Abteilung für Onkologie, Tongji-Krankenhaus, Tongji Medical College, Huazhong-Universität für Wissenschaft und Technologie, Wuhan, China

Yang Li & Peng Zhang

Sie können diesen Autor auch in PubMed Google Scholar suchen

Sie können diesen Autor auch in PubMed Google Scholar suchen

Sie können diesen Autor auch in PubMed Google Scholar suchen

Sie können diesen Autor auch in PubMed Google Scholar suchen

Sie können diesen Autor auch in PubMed Google Scholar suchen

Sie können diesen Autor auch in PubMed Google Scholar suchen

Sie können diesen Autor auch in PubMed Google Scholar suchen

Sie können diesen Autor auch in PubMed Google Scholar suchen

ZKJ und WDS konzipierten das Projekt und gestalteten die Studie. ZKJ, WDS und WQF haben das Experiment entworfen. YB, WLC und NSJ haben die Daten gesammelt. ZKJ hat das Manuskript geschrieben. ZKJ, YL, PZ, WDS und WQF diskutierten und überarbeiteten das Manuskript. Alle Autoren haben die endgültige Version zur Veröffentlichung gelesen und genehmigt.

Korrespondenz mit Qifeng Wang, Peng Zhang oder Dongsheng Wang.

Die Autoren geben an, dass keine Interessenkonflikte bestehen.

Springer Nature bleibt neutral hinsichtlich der Zuständigkeitsansprüche in veröffentlichten Karten und institutionellen Zugehörigkeiten.

Open Access Dieser Artikel ist unter einer Creative Commons Attribution 4.0 International License lizenziert, die die Nutzung, Weitergabe, Anpassung, Verbreitung und Reproduktion in jedem Medium oder Format erlaubt, sofern Sie den/die ursprünglichen Autor(en) und die Quelle angemessen angeben. Geben Sie einen Link zur Creative Commons-Lizenz an und geben Sie an, ob Änderungen vorgenommen wurden. Die Bilder oder anderes Material Dritter in diesem Artikel sind in der Creative-Commons-Lizenz des Artikels enthalten, sofern in der Quellenangabe für das Material nichts anderes angegeben ist.

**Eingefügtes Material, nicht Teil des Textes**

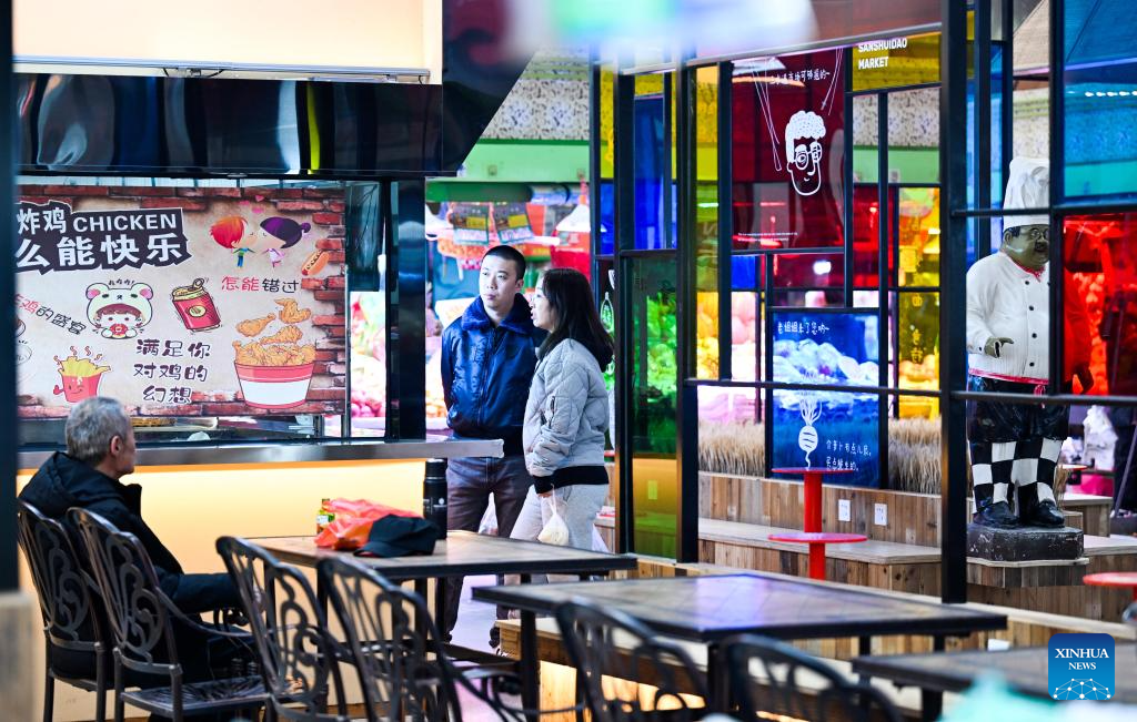 People chat at a leisure corner at Sanshui grocery market in Hexi District of Tianjin, north China, Nov. 25, 2025. (Xinhua/Zhao Zishuo)
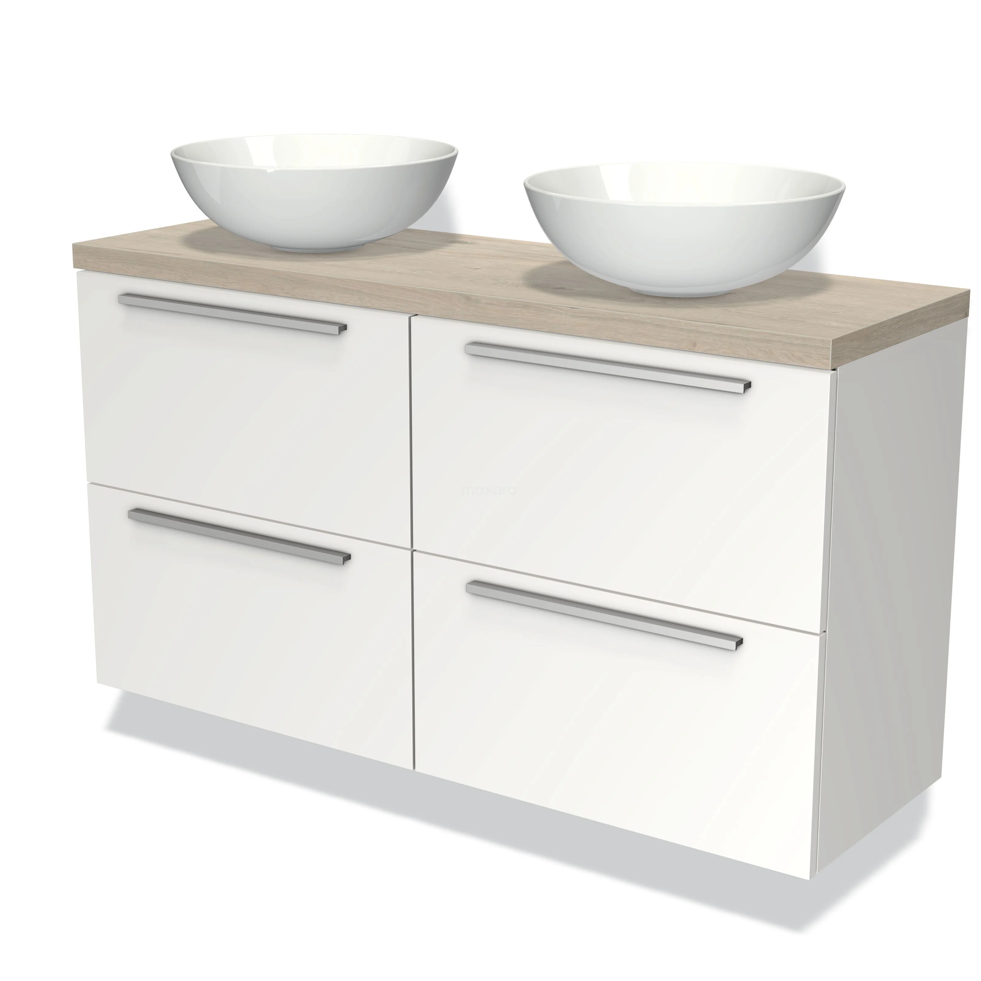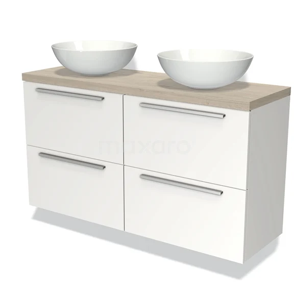 Modulo Plato Slim Badmöbel mit Aufsatzwaschbecken | 120 cm Matt Weiß Flach front Hellgraue Eiche blatt 4 Schubladen
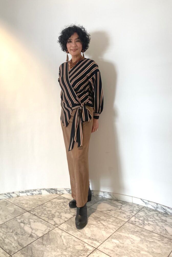 「パーティなので、ボリュームのある華やかなピアスとネックレスをセレクト。アクセサリーの雰囲気がエスニックっぽいので、それに寄せてコーデを決めました。トップスは『ZARA』で、裾を前でも後ろでも結ぶことができるもの。今回は前に結んでエレガントな雰囲気に」。光沢感のあるスカートを合わせ、スタイリッシュな着こなしに!
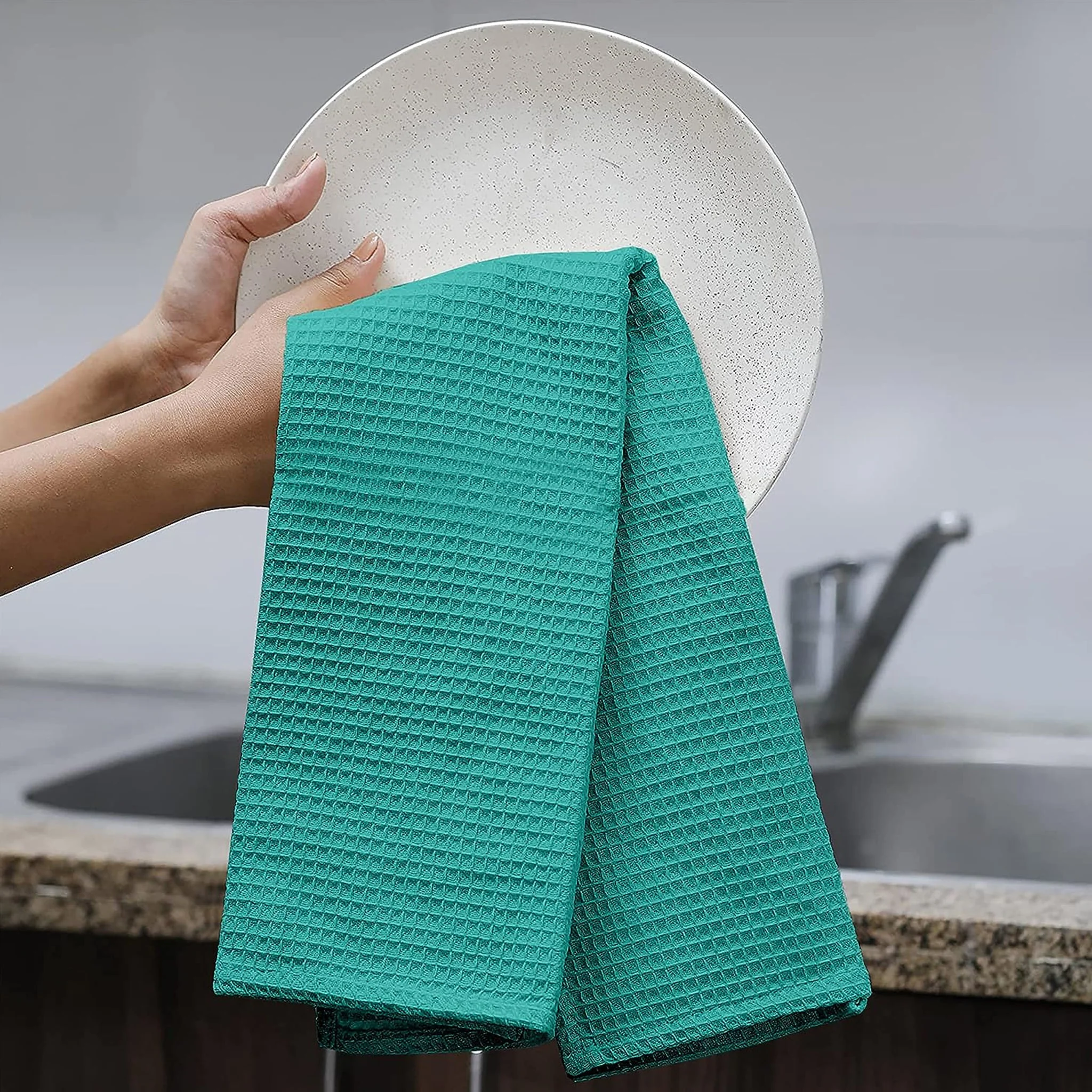 100% Cotton Kitchen & Dish Towel by Ruvanti - (15 Inch x 25 Inch) - Teal (Waffle Weave)
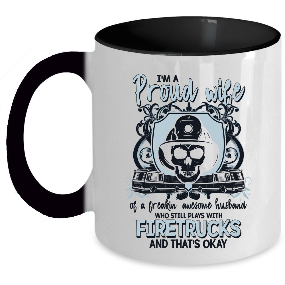 Play With Firetrucks Coffee Mug, I'm Proud Wife Of An Awesome Husband Accent Mug

Wenn Material nicht in der Creative-Commons-Lizenz des Artikels enthalten ist und Ihre beabsichtigte Nutzung nicht durch gesetzliche Vorschriften zulässig ist oder über die zulässige Nutzung hinausgeht, müssen Sie die Genehmigung direkt vom Urheberrechtsinhaber einholen. Um eine Kopie dieser Lizenz anzuzeigen, besuchen Sie http://creativecommons.org/licenses/by/4.0/.

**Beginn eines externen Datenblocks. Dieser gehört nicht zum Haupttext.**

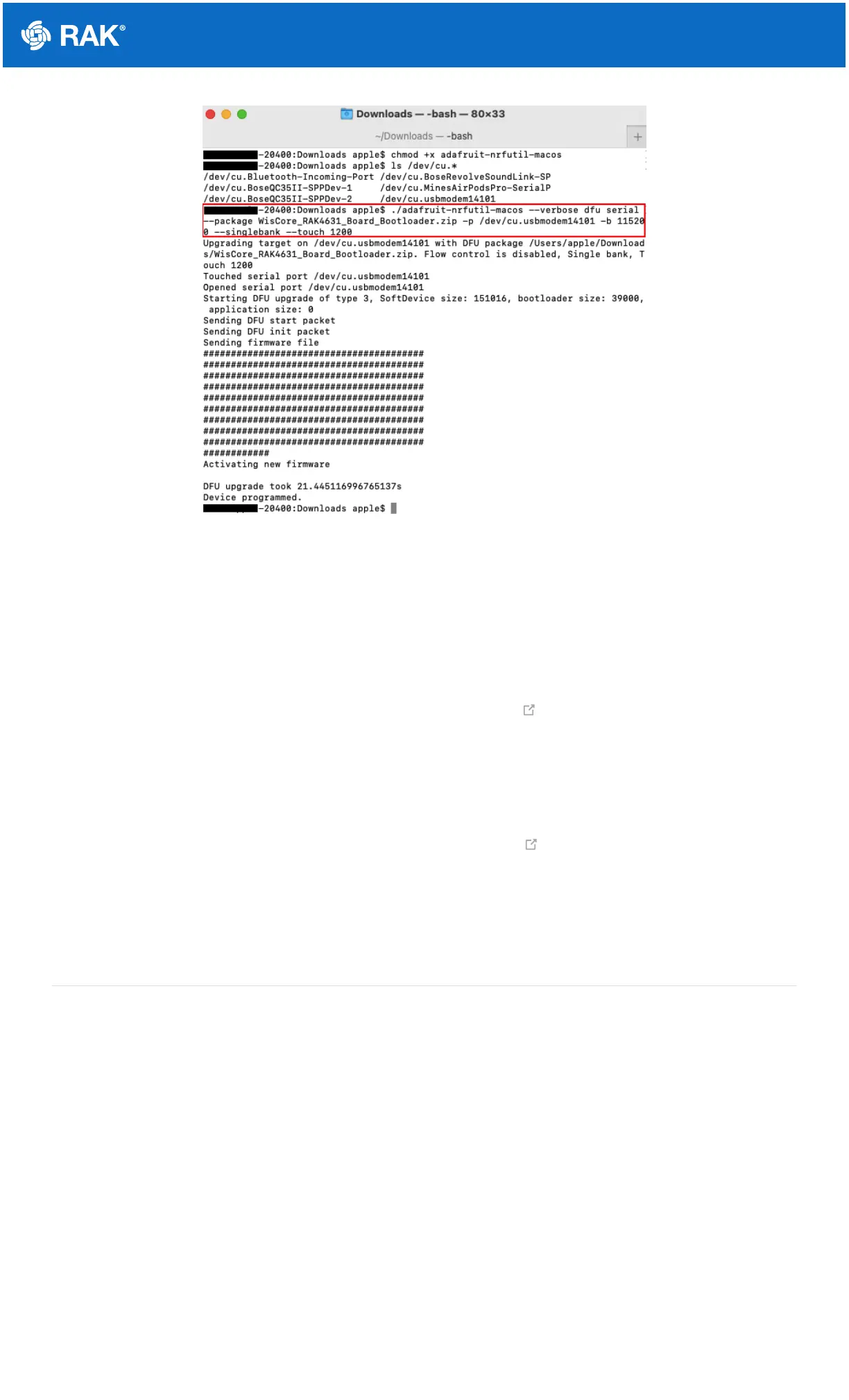 Your RAK4631 will now have the updated Bootloader Firmware.

Nachdrucke und Genehmigungen

Zhang, K., Ye, B., Wu, L. et al. Auf maschinellem Lernen basierende Vorhersage der Überlebensprognose bei Plattenepithelkarzinomen des Ösophagus. Sci Rep 13, 13532 (2023). https://doi.org/10.1038/s41598-023-40780-8

Zitat herunterladen

Eingegangen: 19. September 2022

Angenommen: 16. August 2023

Veröffentlicht: 19. August 2023

DOI: https://doi.org/10.1038/s41598-023-40780-8

Jeder, mit dem Sie den folgenden Link teilen, kann diesen Inhalt lesen:

Leider ist für diesen Artikel derzeit kein Link zum Teilen verfügbar.

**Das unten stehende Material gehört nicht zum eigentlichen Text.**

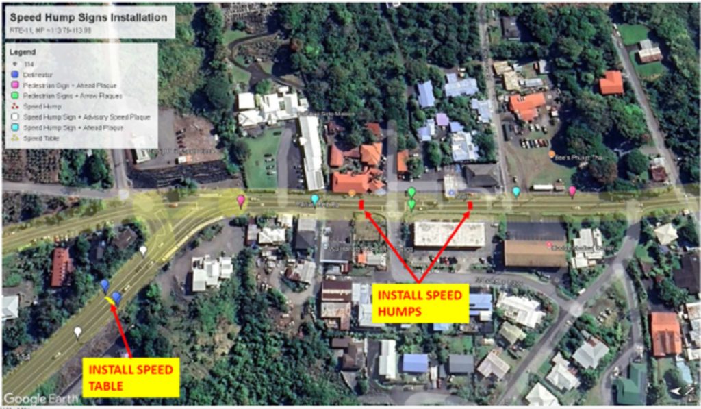 Big Island motorists are notified that two speed humps on Māmalahoa Highway and a speed table on Kuakini Highway will be installed later this week in Honalo.
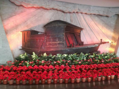 南湖紅船位于南湖湖面,是一條單夾弄絲網(wǎng)船,長約16米,寬3米。內(nèi)有前艙、中艙、房艙和后艙,中國共產(chǎn)黨第一次全國代表大會在中艙舉行。
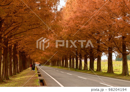 紅葉した滋賀県マキノ町のメタセコイア並木
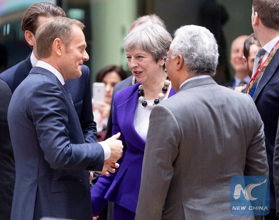 European Council President Donald Tusk (L, Front) talks with British Prime Minister Theresa May (C) and Portuguese Prime Minister Antonio Costa (R, Front) during the European Union (EU)'s spring summit at the EU headquarters in Brussels, Belgium, March 22, 2018. (Xinhua/Thierry Monass)
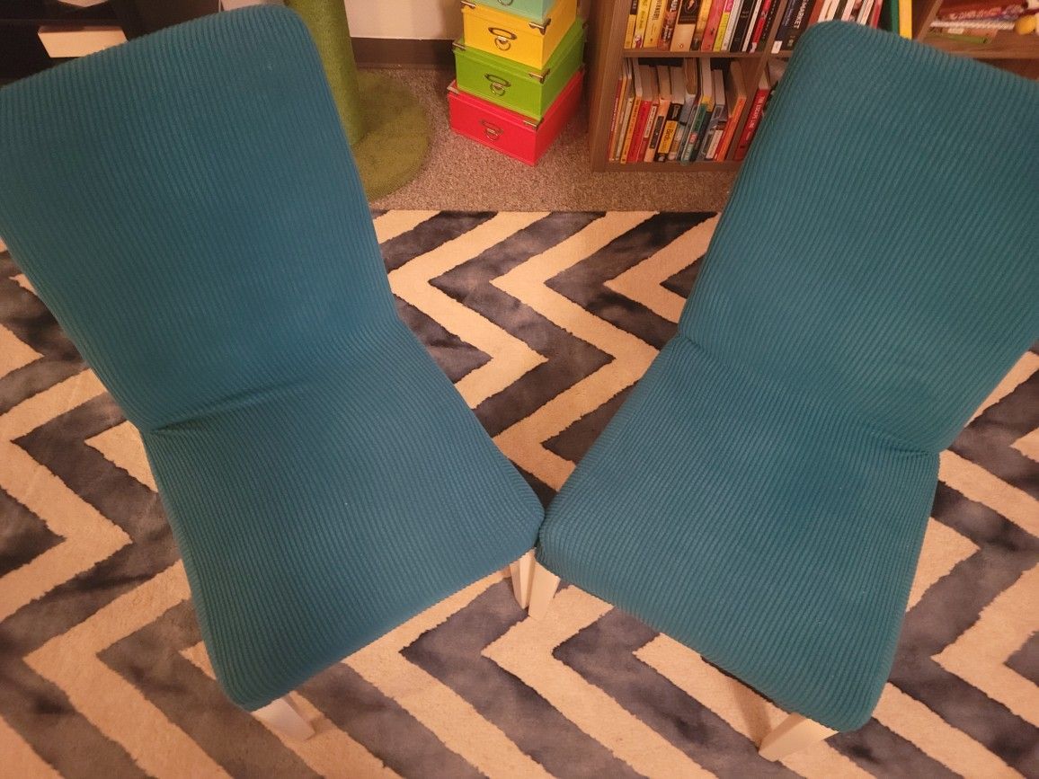 Two ikea chairs in good condition with high backs and new seat covers. Very comfortable and sturdy, some wear and tear visible, see pictures. Seat covers can be removed. These are not the original covers.

Bereitgestellt von der Content-Sharing-Initiative Springer Nature SharedIt

Durch das Absenden eines Kommentars erklären Sie sich damit einverstanden, unsere Nutzungsbedingungen und Community-Richtlinien einzuhalten. Wenn Sie etwas als missbräuchlich empfinden oder etwas nicht unseren Bedingungen oder Richtlinien entspricht, kennzeichnen Sie es bitte als unangemessen.